After a wonderful weekend of seeing family, meeting our newest teeny family member and staying in what we are convinced was a real-life Fawlty Towers hotel, we returned by Shanks’ Pony, buses and trains to the boat ready to set off for the Rivers Severn and Avon.
As Robbie Burns said, the best laid schemes o’ mice an’ men, (or boaters and boatdogs) often go awry, and lock issues did just that for us. From the Stourbridge Town Arm we turned onto the Stourbridge Canal passing an area where the week before pounds had been drained and a boat capsized, but when we passed all seemed well. We turned right then onto the Staffordshire and Worcestershire Canal instead of our planned left turn, avoiding a lock issue going onto the Severn and another on the Avon.
It’s a good few years since we travelled the Staffs and Worcs and we had forgotten how delightful it is. Pink and red rhododendrons in varying hues line sections of the canal carved into sandstone. We stopped off to visit the National Trust property of Wightwick Manor and experienced it in a thunderstorm! We were delighted to be rescued by a car-driving friend who we were due to meet for dinner, but made it back to the Manor the next day to walk their Mathematical Bridge and have a free coffee as we were visiting from a boat.
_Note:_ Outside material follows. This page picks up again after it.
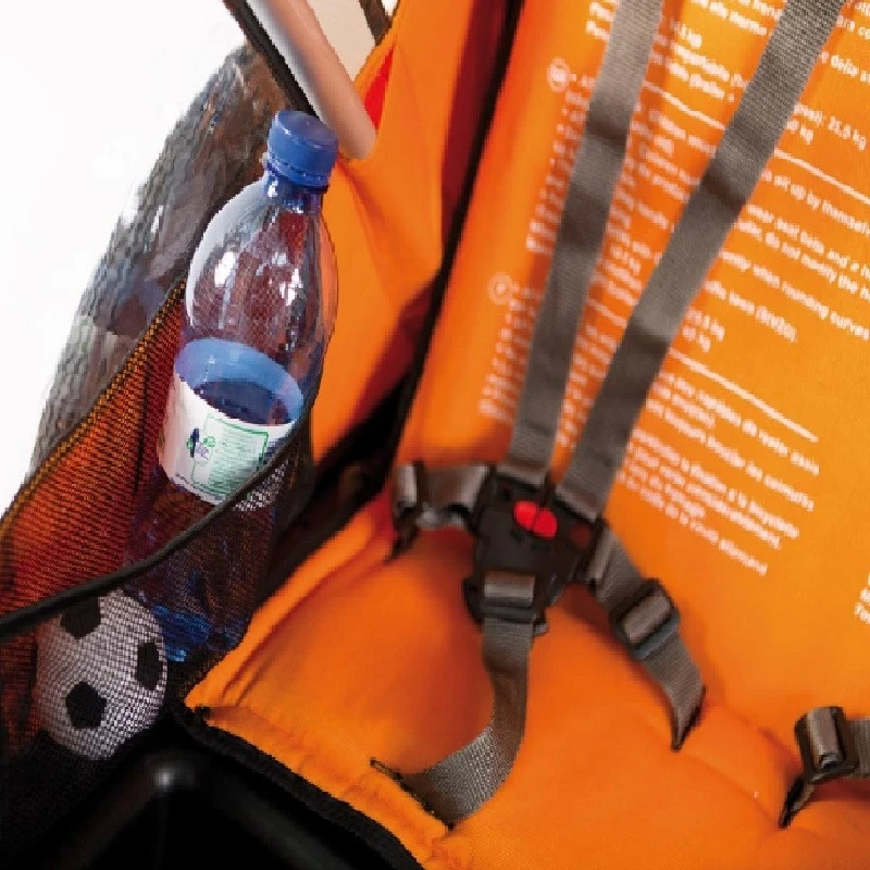 - Harnais 5 points pour attacher et sécuriser un ou deux enfants (stature 1,10 m ou 25,5 kg max.)
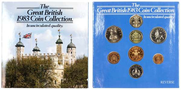 Elizabeth II (1952-2022), Uncirculated “Martini” set, 1983, consisting of One Pound to Halfpenny, including “New Pence” error reverse (S. C2A). In original presentation folder with “an invitation to join the Royal Mint Coin Club” slip. Lustrous, uncirculated.

From the Staffs and Worcs we turned left at last, heading onto the Shropshire Union, fondly known as the Shroppie. It wends its rural way through an array of famous Thomas Telford bridges including High Bridge with its telegraph pole mid arch, through wooded cuttings and a single tunnel at Cowley hewn through the multi-patterned red sandstone. Its locks, accompanied by-washes that often catch out the unwary boater. A notification of a lock issue turned out to have been fixed by Canal and River Trust staff by the time we got to it – what service!
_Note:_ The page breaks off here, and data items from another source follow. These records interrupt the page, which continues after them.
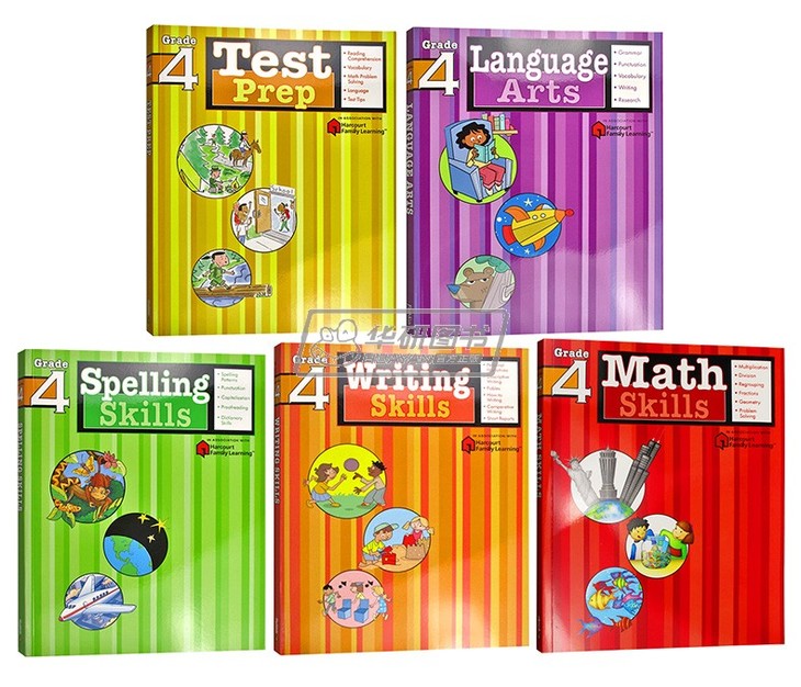 书名:Math Writing Spelling Language Arts Test Prep Skills: Grade 4 Flash Kids美国小学四年级练习册5册套装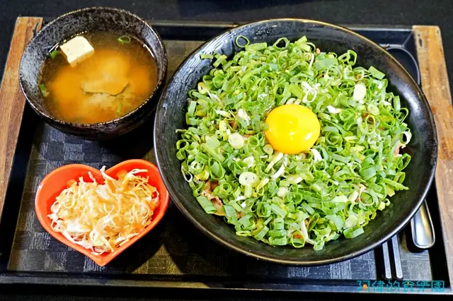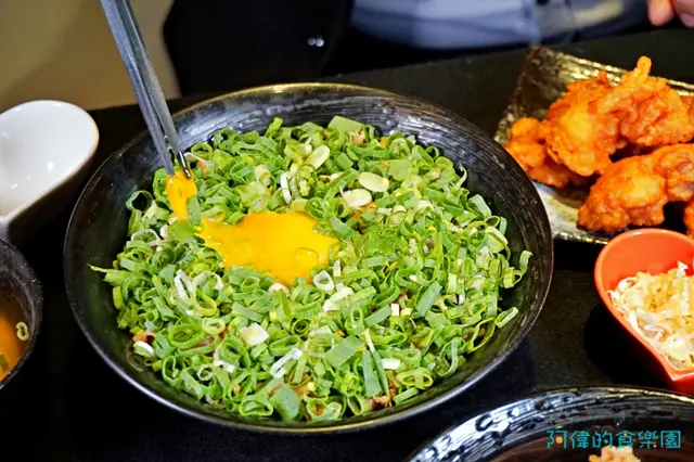 看著滿滿的青蔥中間一顆生蛋黃,顏色的搭配就很舒服。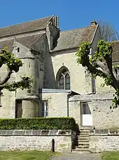 Le mur méridional du croisillon sud paraît également avoir été refait au XIXe siècle. À l'angle sud-est, l'on voit toutefois une tourelle d'escalier de la période flamboyante, qui est agrémentée d'un pinacle plaqué à son angle sud-ouest. Le toit en appentis actuel ne devrait pas correspondre au projet initial, qui devait prévoir un dôme ou une coupole en pierre, ou bien un toit en poivrière. Le mur du chevet du croisillon présente la trace d'une fenêtre à lancette unique en arc brisé, qui entame largement le demi-pignon du toit en appentis, et témoigne d'une hauteur plus considérable des croisillons avant leur remaniement au début du XVIe siècle. À l'est de la croisée du transept, au-dessus du mur méridional du chœur, l'on voit l'un des contreforts de l'ancien clocher, qui se termine en dessous de la corniche, en haut de l'étage intermédiaire. Ses fenêtres en plein cintre bouchées, au sud et au nord, ont déjà été signalées, ainsi que le corniche de modillons et le faisceau de colonnettes tronqué rappelant l'étage de beffroi du clocher du XIXe siècle, démoli en 1832. L'intérêt du mur méridional du chœur réside en sa fenêtre, dont les meneaux sont précédés par des tores, et dont le meneau central porte un petit chapiteau rond seulement ébauché. L'arc en tiers-point est surmonté d'un mascaron, qui pourrait provenir de la corniche de l'ancien clocher. Au pied de la fenêtre, se trouve la sacristie, qui est sans caractère. Le chevet est caché par l'ancienne maison d'école bâtie vers 1818, et servant actuellement d'habitation[4],[6].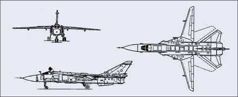 Самолет выполнен по схеме с крылом изменяемой стреловидности, имею­щим четыре фиксированных положе­ния крыла: 16°, 35°, 45°, 69°. Комплекс вооружения Су-24МК включает широкую номенклатуру управляемых и неуправляемых средств поражения. Основной вид вооружения - управляемые ракеты класса «воздух - поверхность» типа: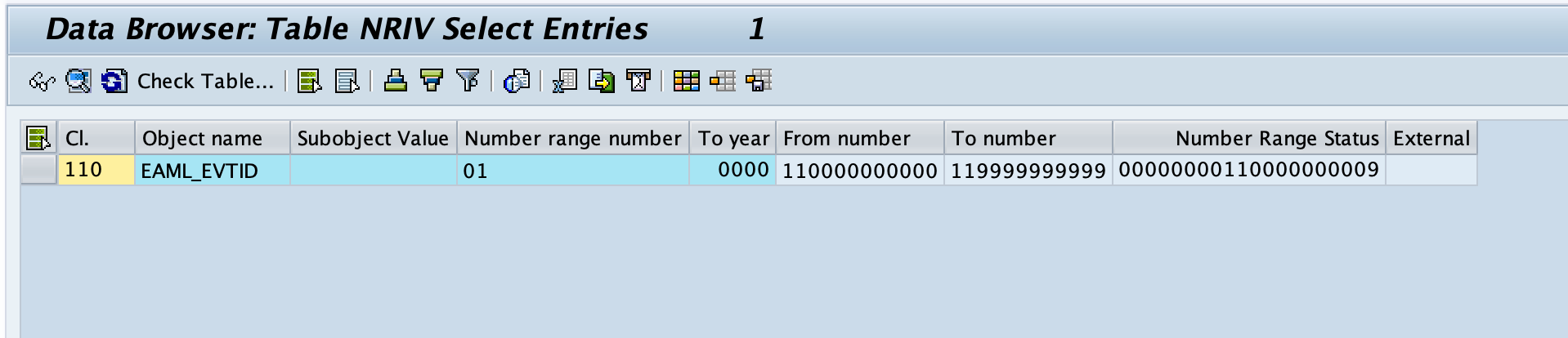 The database table NRIV has the delivery class ‘C’, which means that the SAP default settings are only in client 000.

The Shroppie is popular for leisure moorings on farms and this means boats travel very slowly (or should). We can take our time in many places passing moored boats on tick over to enjoy views over rolling farmland of waving grain or grassy acres dotted with cattle, in places looking out towards The Wrekin and the Welsh hills. This feeling of space, of distance is uplifting after quite a time in more urban constrained vistas but also coming as it does between steeply sloping wooded cuttings of this waterway. We have in rain, in sun and in blustery winds that buffet us but often at this time of year bring us gusts of sweet, light, scents of honeysuckle and elderflower.
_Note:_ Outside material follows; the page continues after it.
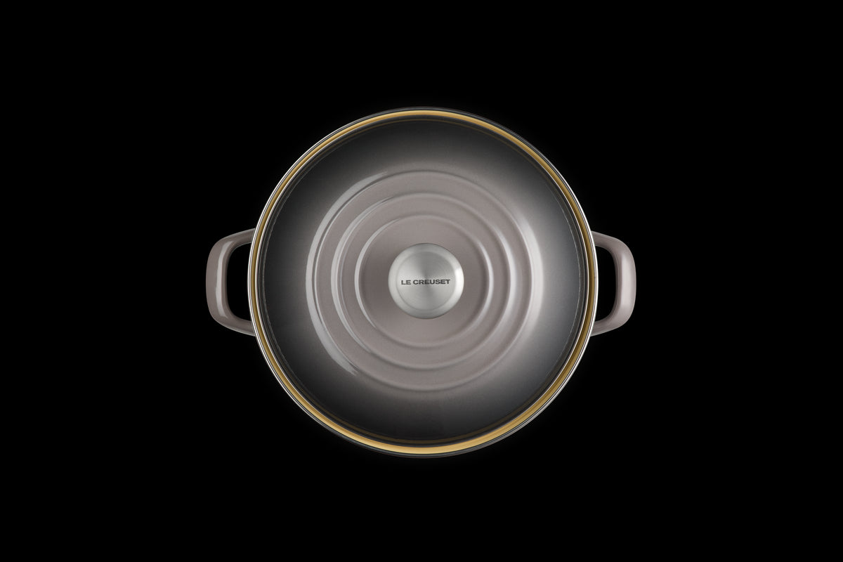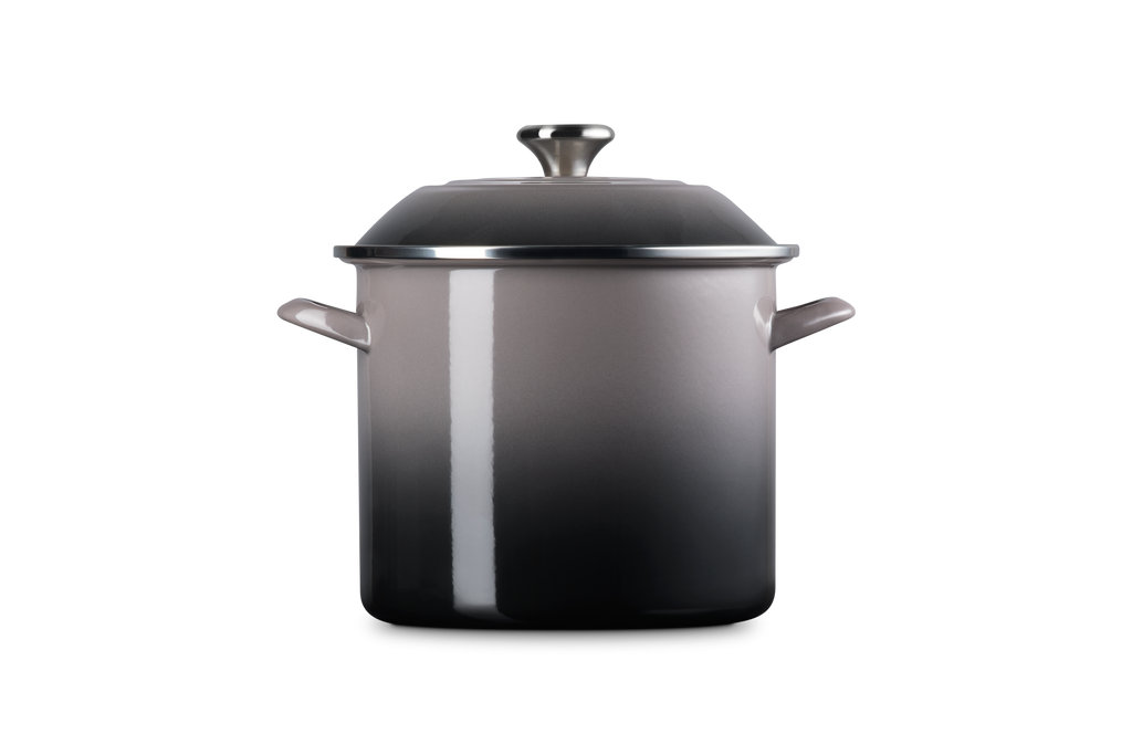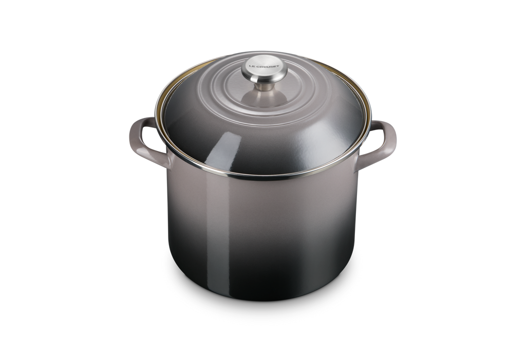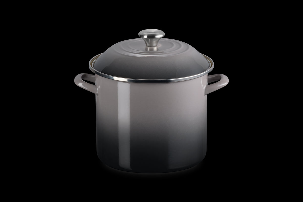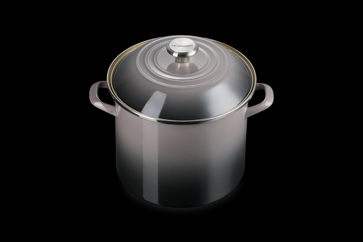 Recognized for its strength and durability, as well as its beauty and quality, Le Creuset produced the first enameled cast iron cookware nearly a century ago. A tradition of maintaining the finest culinary craftsmanship, combined with the latest innovations, means Le Creuset is known for blending classic form with real function and that it’s made for home cooks and professional chefs alike. The 10 qt. Stockpot in Oyster features tall, straight sides and generous capacity, making it ideal for preparing soups, stocks, seafood boils, and pasta for a crowd. Crafted from fast-heating carbon steel and finished in a soft glaze, it brings utility and beauty to large-scale cooking.

Moorings are rural, comfortingly dark at night, shared with rabbits and badgers. Herons led us along their beats and jays darted from steeply wooded slopes above us, until we made our way to one of the most well known and longest flight of locks on the canal. The Audlem Flight of 15 designed by Thomas Telford takes boats 93feet from the Shropshire Plain to the Cheshire Plain or vice versa. At the top of the flight by the top lock is a famed honesty shop of the local farm with ice cream, pasties, pies, cream teas and cakes. It is without doubt a highlight of the Shroppie for us, other boaters, dog walkers and villagers.
Turning the opposite way to that we originally planned has turned out to be a pleasure, a chance to meet up with old friends in planned and unplanned reunions. Things look better for months to come because we are heading in this direction. Plans, after all are made to be changed. We reduce stress by embracing change, and agree with Heraclitus that “The only constant in life is change.”